Most probe design tools try to avoid secondary structures so that the chosen probes have higher sensitivity. Both OligoArray (47) and Oligodb (51, 52) use program mfold, developed by Zuker et. al. (57), to predict and eliminate secondary structures. The Visual OMP (56) can visually show the structure of each candidate probe so that users can easily reject probes with secondary structures. OligoPicker (49) uses a self-complementary likelihood method to predict secondary structures, and probe candidates are tested for homology to the complementary strand of their cognate sequence using BLAST, but this approach does not take into account the local concentration of the complementary sequence.

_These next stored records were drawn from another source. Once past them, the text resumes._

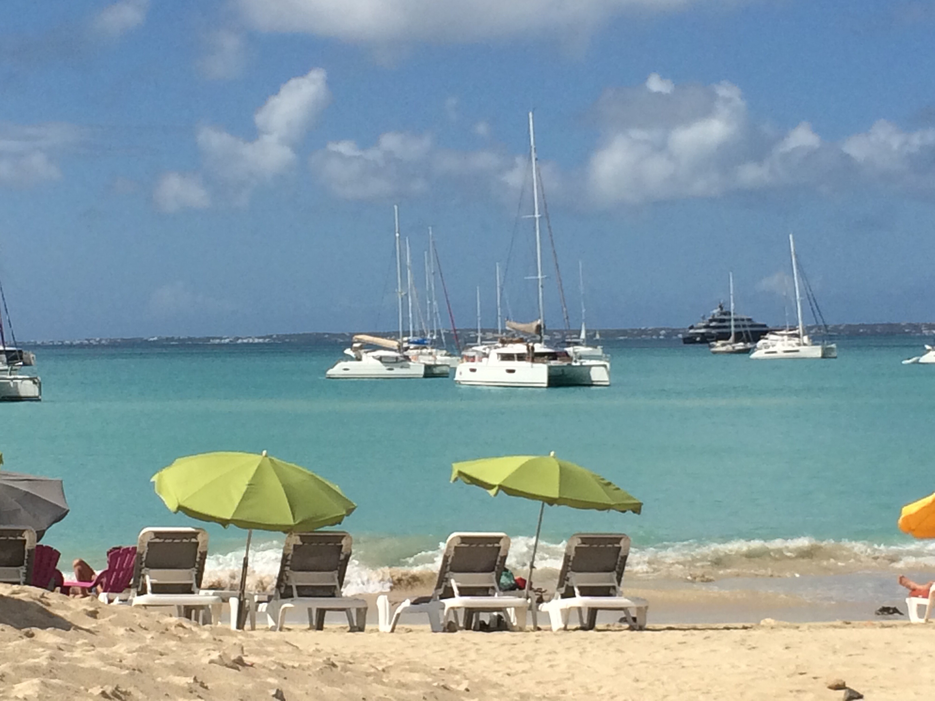 The beach at Grand Case is absolutely beautiful!! The island you see in the back ground is Anguilla. The anchorage and dingy dock can get rolley since it’s a northern bay, but everything that the town has to offer makes the rolley night worth it.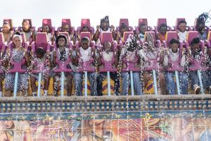 (260403) -- JOHANNESBURGO, 3 abril, 2026 (Xinhua) -- Imagen del 2 de abril de 2026 de visitantes a bordo de atracciones durante el Rand Show 2026, en Johannesburgo, Sudáfrica. El Rand Show, un evento anual de entretenimiento y compras en Sudáfrica, se lleva a cabo del 2 al 6 de abril en el Centro de Exposiciones de Johannesburgo. (Xinhua/Shiraaz Mohamed) (rtg) (ra) (ce)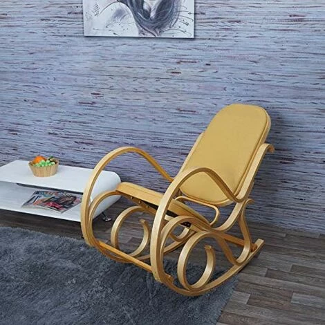 NOVA Chaise à Bascule Structure En Bois Clair Assis Dans Le Tissu De Design Classique Couleur : Jaune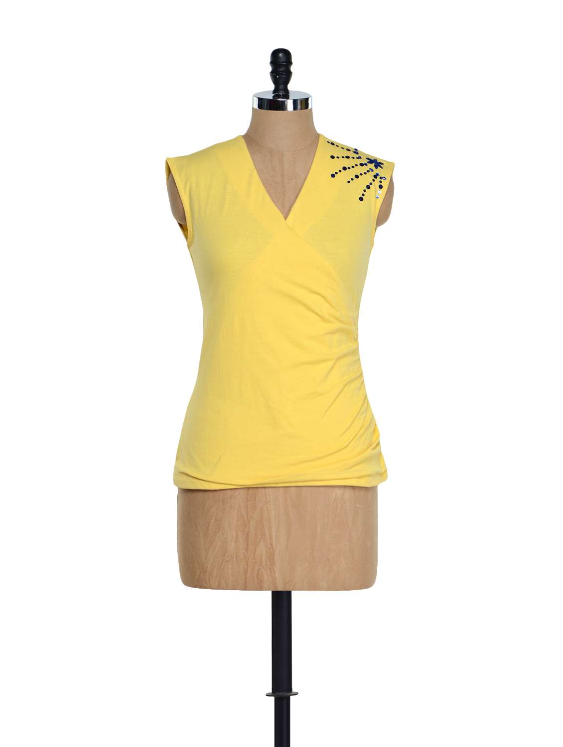 #2 yellow faux wrap top with embellished shoulder & similar products...
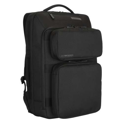 For optimal convenience, the backpack has plenty of pockets to store your everyday essentials quickly and securely, including the top accessory pocket, zippered lumbar pocket, and mesh and zippered pockets on the shoulder straps. Its smart design also features adjustable, ergonomic shoulder straps and a padded back panel to ensure a comfortable fit. For added protection, this case features Targus Antimicrobial Protection, an infused protective finish to the material that creates a cleaner surface and protects the backpack.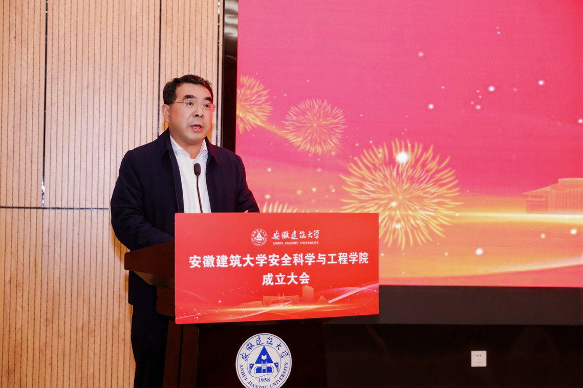周福宝致辞表示热烈祝贺。他指出,在新一轮科技革命与产业变革深入推进的背景下,安全科学与工程学院的成立具有重要意义。中国安全生产科学研究院与安徽建筑大学使命相通、优势互补,希望双方加强合作,共同探索产学研用深度融合的新机制与新路径,协力破解安全领域重大科技难题。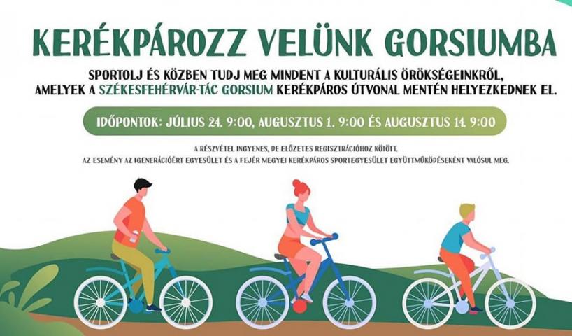 „Sportolj és közben tudj meg mindent a kulturális örökségünkről, amelyek a Székesfehérvár-Tác Gorsium kerékpáros útvonal mentén helyezkednek el. Ha szeretsz kerékpározni és szereted a történelmet tarts velünk!” – így invitálják az érdeklődőket a „Kerékpározz velünk Gorsiumba!” programsorozatra.

To ensure quantitative comparison of gene expressions, microarray hybridization conditions should be similar for all genes in the study, therefore the melting temperature (Tm) of probes should fall in a narrow range. Several tools consider the oligonucleotide melting temperature as an important criteria to choose probes. Oligo Array 2.0 (47, 48) and Sarani (55) apply the Nearest-Neighbor model using DNA parameters develop by SantaLucia et. al.(58) to compute the Tm, and the following formula is used: Tm = (DH°/(DS° + R ln(DNA/4)) -273.15, where R is the gas constant (1.9872 cal/K.mol) and DNA is the DNA concentration. Oligodb (51, 52) uses a program called melting developed by Le Novère et. al. (59), which is also based on nearest neighbor method, to calculate the Tm. The Oligodb (51, 52) does not choose Tm to be an inclusion/exclusion criterion at the Tm computing stage, since the G/C content, which mainly determines Tms, typically varies at scales longer than the transcript length. The user may choose those specific oligos from the output list that fit best the individual respect to Tm and the position in the transcript. OligoPicker (49, 50) first calculates the melting temperature of all sequence using the formula: 64.9 + 41 ×gcCount/oligoLength − 600/oligoLength where gcCount is the number of all Gs and Cs in an oligo and the molar sodium concentration is taken to be 0.1 M (60), and then choose those candidates whose Tm is with 5°C of the median Tm. Visual OMP (56) utilizes a N-Stage model to predict the Tm of a duplex within 2°C on average.

4. Redefinition of Affymetrix Genechips

In order to accomplish high sensitivity and specificity in the presence of a complex background, Affymetrix introduced a system that entails the use of a series of specific and non-specific gene probe sets that are intended to result in a more accurate discrimination between true signal and random hybridization. Each probe set usually consists of 8 to 16 pairs of probes (PM, MM)s where PM probes are perfect matching 25-mer oligos to the target transcripts and MM probes contain sequences with the 13th position of the corresponding PM sequence being modified to the complement nucleotide. Affymetrix claims that probes of approximately 25 nucletoides long provide a very effective balance between signal intensity and related sequence discrimination which allows expression monitoring of thousands of targets. The use of (PM,MM) pairs and multiple pairs for a target transcript allows both absolute and comparative analysis and compensates for variations and noises in the complex background. Affymetrix uses one-color method for obtaining expression measures.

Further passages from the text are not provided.